During open meetings hosted by both committees many employees raised concerns
about the lack of sufficient orientation and training for new staff. Employees talked
about how long it took in some cases to get to know the campus and the general
confusion about where to turn for services and support; they noted the challenges of
being new to the community and how long it can take to feel welcome and find
individuals with similar interests, backgrounds, or roles.
Employees also raised concerns around the lack of support for ongoing professional
development and opportunities for growth and advancement. Although internal
candidates fill many positions at the College, a large number of employees mentioned
what is perceived to be a glass ceiling in the College, due to a dearth of both professional
development opportunities and possibilities for promotion and career advancement.
Many felt that internal candidates are disadvantaged in the hiring process and that
coming up through the system can work against one’s chances for advancement, i.e., that
new hires/externals are advantaged in terms of promotion and in terms of salary.
Employees mentioned that there is not always support from managers for training and
professional development and that managers are not always equipped to provide advice
or guidance regarding career advancement.
In contrast to the results of the recent college-wide employee survey, many staff provided
anecdotes suggesting a low level of morale among those who have limited opportunities
for growth within Dartmouth, stemming from a number of considerations, including a
sense of being undervalued (because of low raises, lack of promotion possibilities)
combined with a heavy workload. The long time that it takes to fill vacancies contributes
to the morale problem: current staff need to pick up the extra burden and are
increasingly overworked. These and other issues related to investing in our employees
have led to frustration, feelings of inertia, and of being “stuck” in a job. Sometimes, they
have led to the departure of valuable and talented staff.
We need to create a culture in which we communicate with one another with respect and
civility; where professional development is valued and encouraged, and available to staff
at all levels; and where employees are recognized and rewarded for innovative and
creative ideas. We also need to have managers with strong supervisory skills, who are
motivators and listeners, and who can guide employees to resources that can help them
with skills development and their own professional growth.

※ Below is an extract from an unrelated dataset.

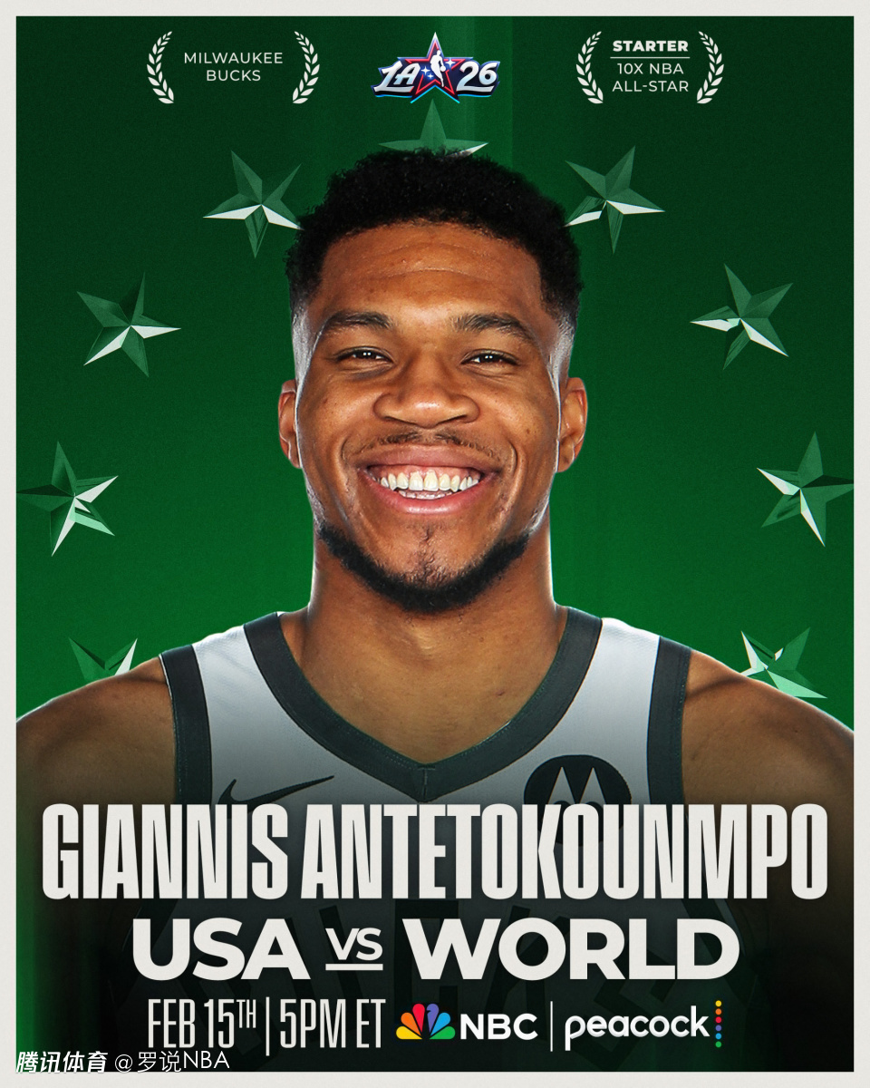 字母哥成为东部全明星首发,他是东部得票最高的球员。这是他生涯第10次入选全明星,也是连续第10年入选。赛季至今, 字母哥场均28.8分9.5篮板5.5助攻。
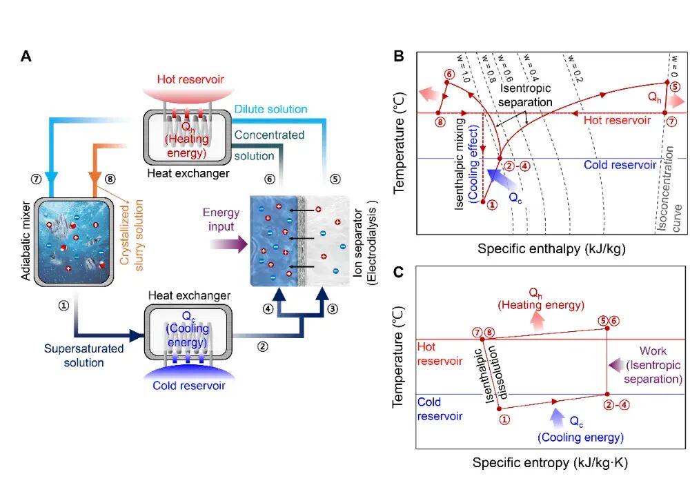如图1a所示,系统包括绝热混合器、冷端换热器、离子分离器和热端换热器四个模块。在冷端,未饱和溶液与过饱和溶液混合,发生吸热溶解反应,温度迅速下降;在热端,经电渗析分离出的高浓度盐溶液则释放热量并重新结晶,实现循环再生。这一循环的热力学特征(图1b, 1c)与传统卡诺循环类似,但不再依赖气体压缩,而是以离子活度和溶解焓变化为驱动力,因此被称为“偶极热卡效应”。

Top performing employees need opportunities to renew their skills, learn new ones, and
to grow. As an institution we need to invest in our employees by providing opportunities
that help staff reach their full potential. Dartmouth should strive for an administrative organization that is energetic, responsive, and creative; that encourages risk-taking and
rewards superb performance; and that embraces ongoing development as essential to
maintaining a top-performing institution. Finally, we need to consider the development
of a range of growth and learning opportunities if we want to encourage and inspire
talented and motivated employees to stay.